2. Broadcast joins on small dimensions

The Silver layer joins seven tables. Two of them are small enough to broadcast to every Spark executor instead of shuffling. sellers at 3K rows and products at 33K rows are stable across all tested scales. Explicit broadcast() hints make this deterministic instead of relying on Spark's auto-broadcast threshold. The customers table was tested as a broadcast target and removed when scaled testing showed it could exceed safe broadcast size; the discipline is to broadcast where the small side stays small, shuffle where it might grow.

etl/silver.py · broadcast joins + cache
silver_df = (
    orders
    .join(customers, "customer_id", "left")
    .join(payments, "order_id", "left")
    .join(items, "order_id", "left")
    .join(broadcast(products), "product_id", "left")   # 33K rows, safe
    .join(broadcast(sellers), "seller_id", "left")     # 3K rows, safe

    # Numeric precision, date parts, then filter
    .withColumn("payment_value", col("payment_value").cast("DECIMAL(10,2)"))
    .withColumn("order_year", year(col("order_purchase_date")))
    .filter(col("payment_value").isNotNull())
)

# Cache before reuse: count + write + downstream Gold all hit this frame
silver_df = silver_df.cache()

3. Explicit caching on the join chain

The Silver layer's joined output gets cached before any action. The Gold layer caches fact_sales after the column selection because it's used four times downstream (count + write + two summary aggregations). Without caching, Spark may recompute these chains on each subsequent action. With caching, the join work happens once and the result is held in memory (with disk spillover via MEMORY_AND_DISK semantics) for everything downstream. This is the optimisation that made Gold at 2x scale finish in 59 seconds instead of several minutes.
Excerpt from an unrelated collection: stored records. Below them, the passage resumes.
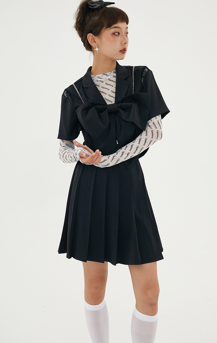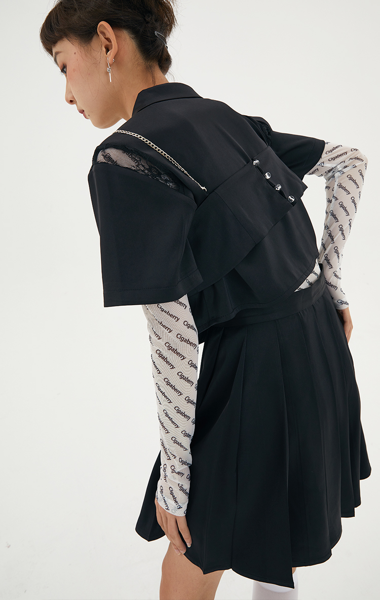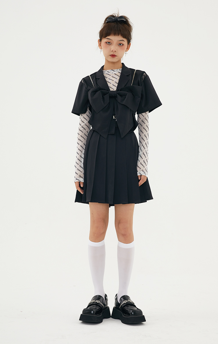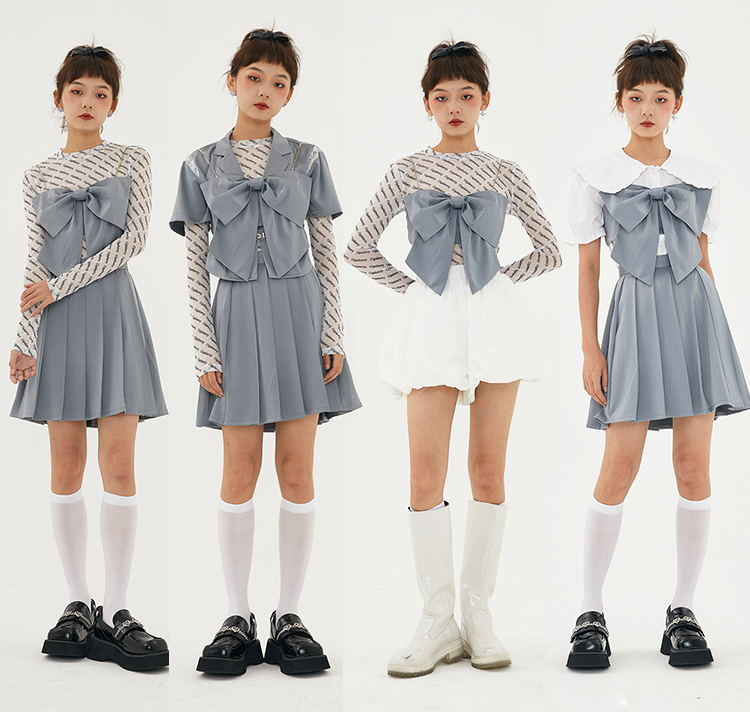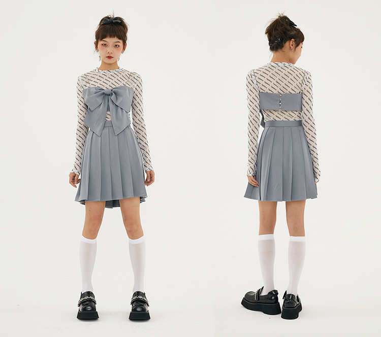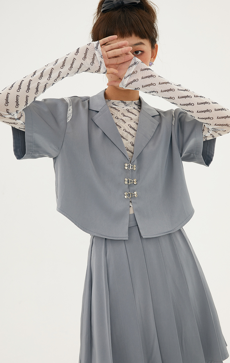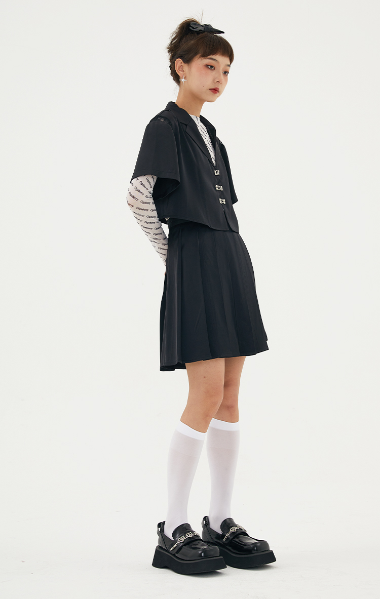Cigaberry2021春夏流行灰色缎面百搭百褶半裙少女学院风半身裙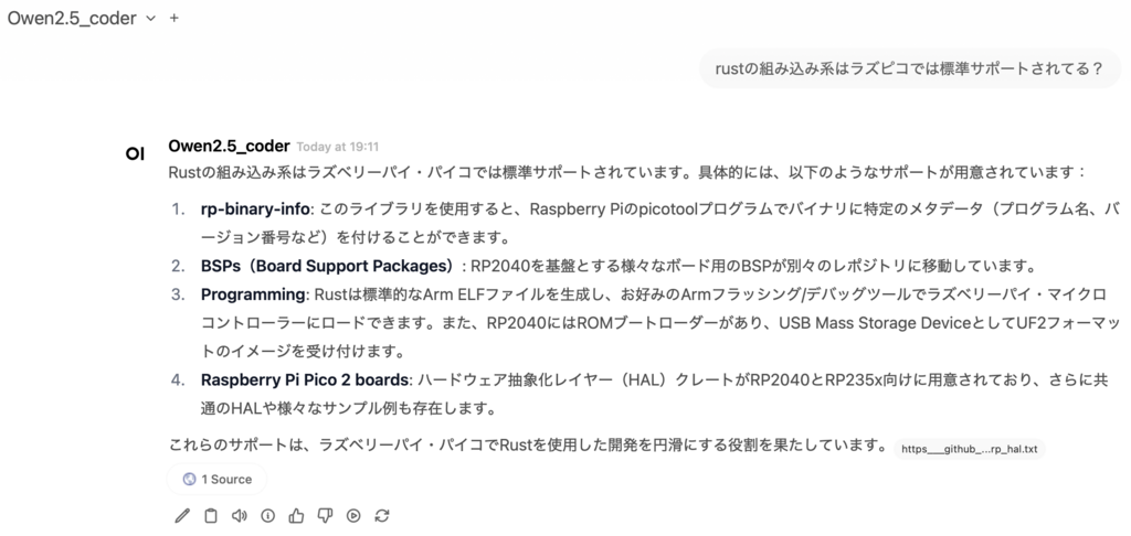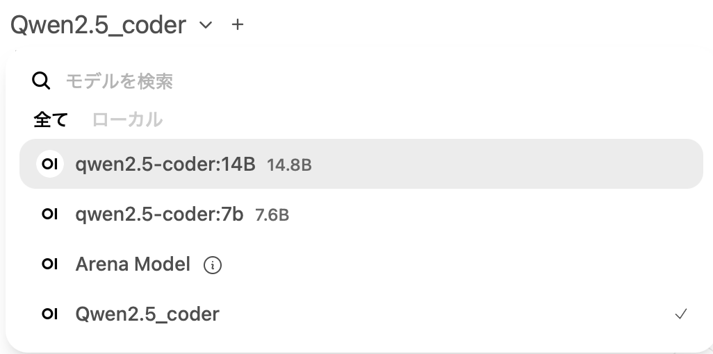 以下のイメージはチャットモードで作成済みのLocal LLM qwen2.5-coder:14B + RAGのモデル(Qwen2.5)がモデル選択メニューから見えてるとこ
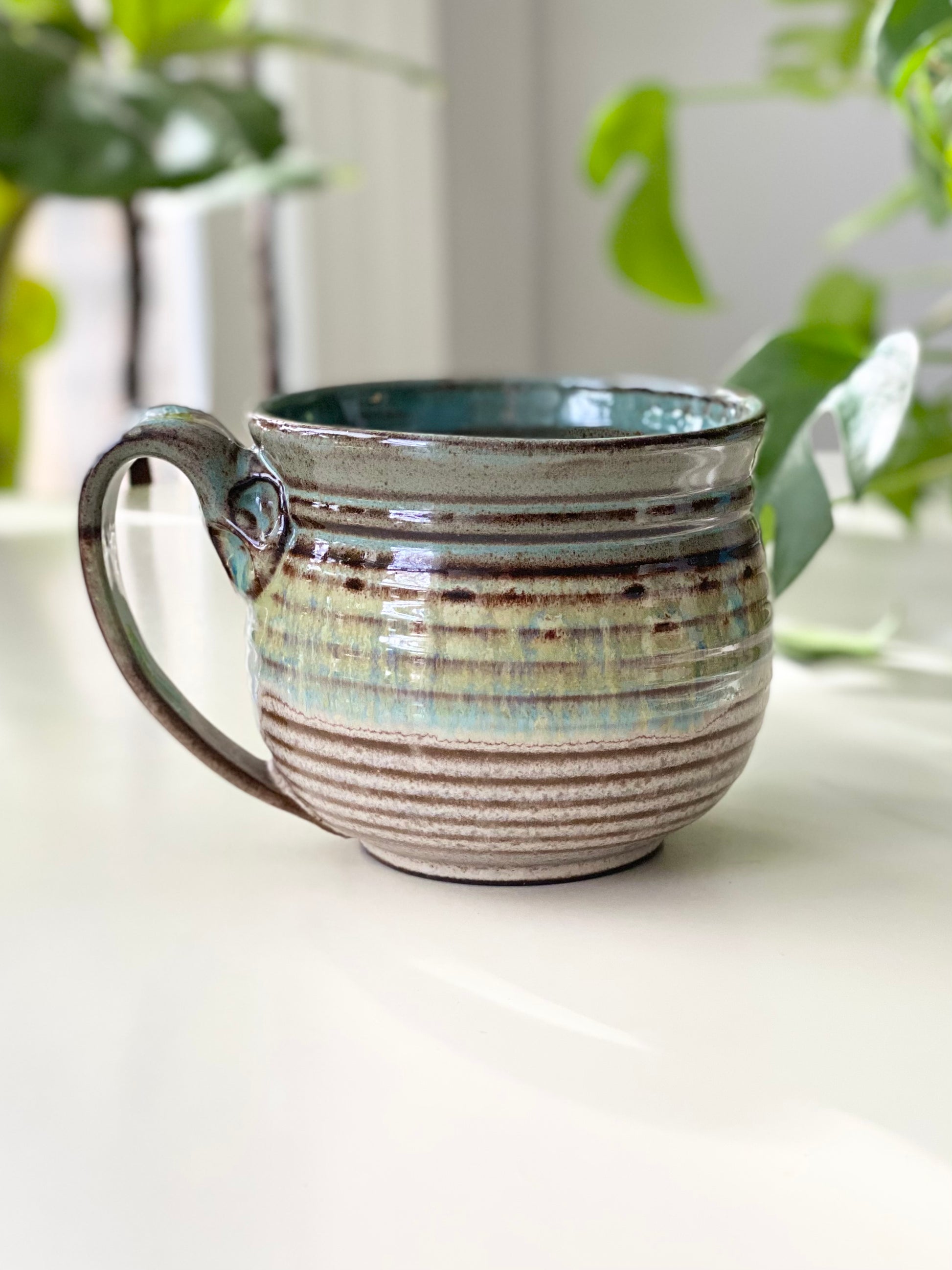 Hand-thrown on the wheel and trimmed with intention, this stoneware mug carries soft layers of earthy green, warm brown, and cream-toned glaze. The glossy glaze settles into gentle drips and quiet shifts of color, creating a grounded, rooted feel — like a forest floor after rain. Fired in oxidation to 2160°, it’s smooth in the hand with a comfortable, easy-grip handle, made for steady mornings and slow, centering sips.

4. Row-count validation on every Postgres load

After each PostgreSQL write, the loader reads back the target table via JDBC and counts rows. If the count matches the source DataFrame, validation passes. If not, a warning is logged. This catches silent failures: writes that "succeed" at the protocol level but lose rows due to constraint violations, transaction rollbacks, or driver bugs. Three Gold tables, three validation passes per pipeline run.

etl/load.py · validation pattern
def load_df_to_postgres(df, schema_name, table_name, mode="overwrite"):
    row_count = df.count()

    df.write \
      .format("jdbc") \
      .option("url", jdbc_url) \
      .option("dbtable", f"{schema_name}.{table_name}") \
      .option("batchsize", 10000) \
      .mode(mode) \
      .save()

    # Validation: read back, count, compare
    check_df = df.sparkSession.read \
        .format("jdbc") \
        .option("url", jdbc_url) \
        .option("dbtable", f"{schema_name}.{table_name}") \
        .load()

    loaded = check_df.count()
    if loaded == row_count:
        logging.info("✅ Validation OK — row count matches")
    else:
        logging.warning(f"⚠️ Mismatch! Source: {row_count} | DB: {loaded}")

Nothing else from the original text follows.